Fasudil regulates pathways in an opposite sense to that seen in multiple neurodegenerative conditions. The significant pathway enrichment Z scores ($\left|Z\right|>2$) are shown for AD, PD, and HD together with those for the fasudil treatment; non-significant enrichment scores are left blank with entries coloured according to the scores. The most down-regulated pathways in AD are shown on the left, and the most up-regulated on the right. As expected, there is a high degree of consistency across the other neurodegenerative conditions, PD and HD. Fasudil shows an up-regulation of all the pathways most down-regulated in AD and a down-regulation of 76% of the most up-regulated pathways in AD.

Figure 4

Pathway and gene-based analyses of the CMAP drug-driven transcription profiles in cancer cell lines in relation to target profiles from AD, PD, and HD. The drugs and target profiles are shown as points on a plane with distances between drugs given by $\frac{1}{2}\left(1-c\right)$, where the correlation is $c=\frac{UU+DD-UD-DU}{UU+DD+UD+DU}$, with $U$ and $D$ the number of shared pathways/genes regulated upwards and downwards, respectively. The distance to the target profile is $\frac{1}{2}\left(1+c\right)$, such that proximity now indicates anti-correlation. Points are mapped to the plane with the target at the centre, in black, and distances to the target are preserved. Angular separations of the compounds are optimised through steepest descent iteration.
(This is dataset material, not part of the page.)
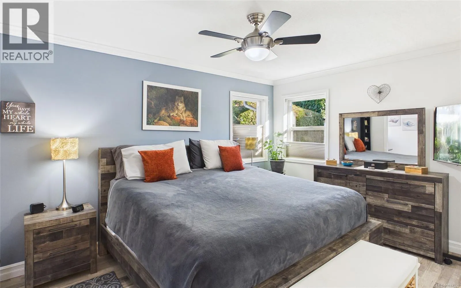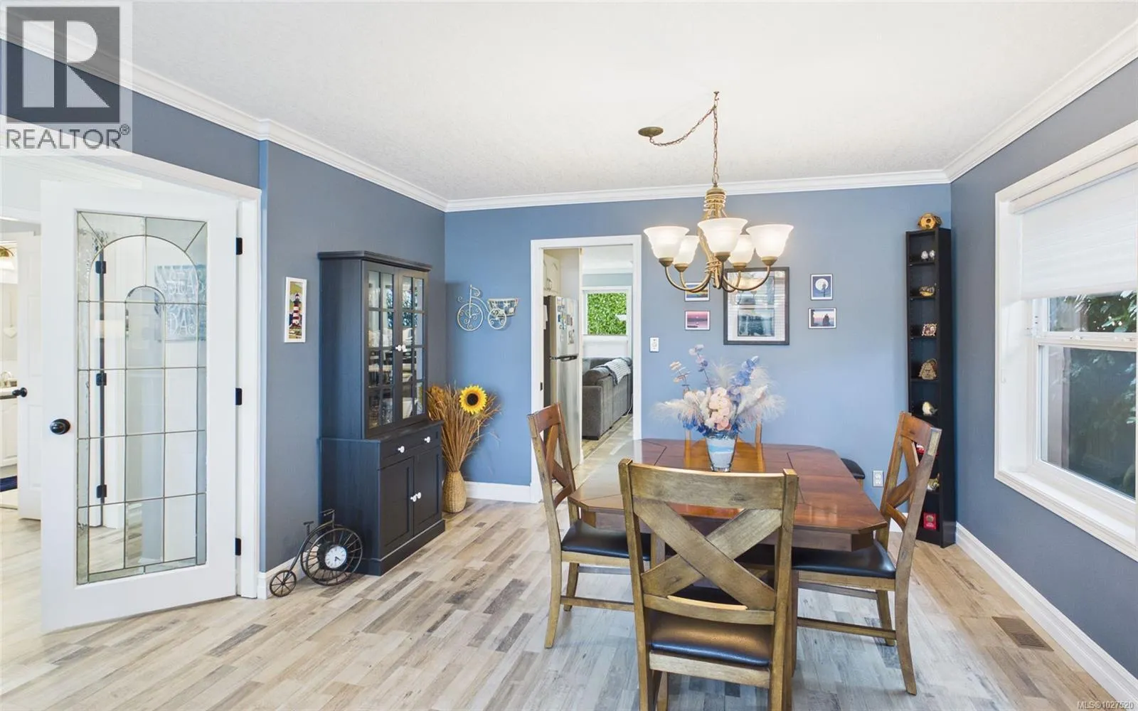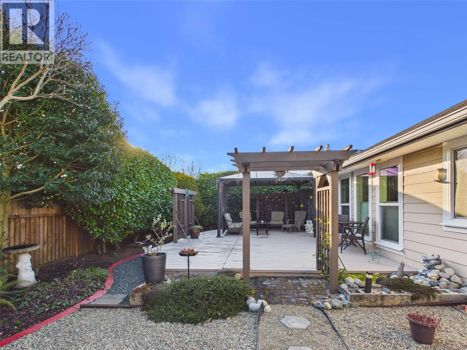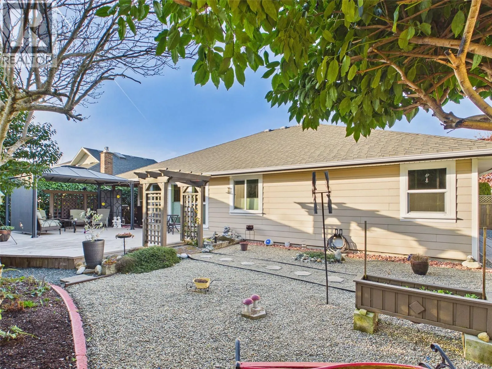 Welcome to easy Island living in this beautifully maintained 3-bedroom, 2-bathroom rancher offering 1,596 sq. ft. of comfortable one-level living in a quiet ocean-side Parksville neighborhood. The open-concept kitchen flows seamlessly into the breakfast nook and inviting family room, all overlooking a sunny south-facing backyard with a spacious deck and covered pergola - ideal for relaxing, gardening, or entertaining friends and family. A cozy natural gas fireplace creates warmth and ambience, while high-end luxury vinyl flooring and crown moldings add a refined touch throughout. Numerous upgrades over time include durable hardy-plank exterior, vinyl windows, updated bathrooms, newer Napoleon Warm furnace and hot water tank (2018), upgraded wiring in the double garage with insulated door, irrigation system front and back, and beautiful window coverings. The functional laundry and mud room offers extra storage and everyday convenience, and the crawl space provides excellent additional storage while helping maintain warm, comfortable floors year-round. Tucked away on a peaceful dead-end street on the ocean side of the highway, this home is just minute from shopping, schools, golf courses, the marina, and Parksville's famous sandy beaches - an ideal blend of comfort, lifestyle and location. (id:27476)

The compounds are scattered in a more diffuse pattern for the pathway-based analysis. Interestingly, fasudil, shown in violet, emerges as a repurposing candidate only in the pathway-based analysis. In particular, the contingency table for AD is $\left[\begin{array}{cc}12& 20\\ 41& 11\end{array}\right]$ $p<0.00017$, that for PD is $\left[\begin{array}{cc}17& 13\\ 24& 6\end{array}\right]$ $p<0.047$, and that for HD is $\left[\begin{array}{cc}20& 12\\ 36& 6\end{array}\right]$ $p<0.016$.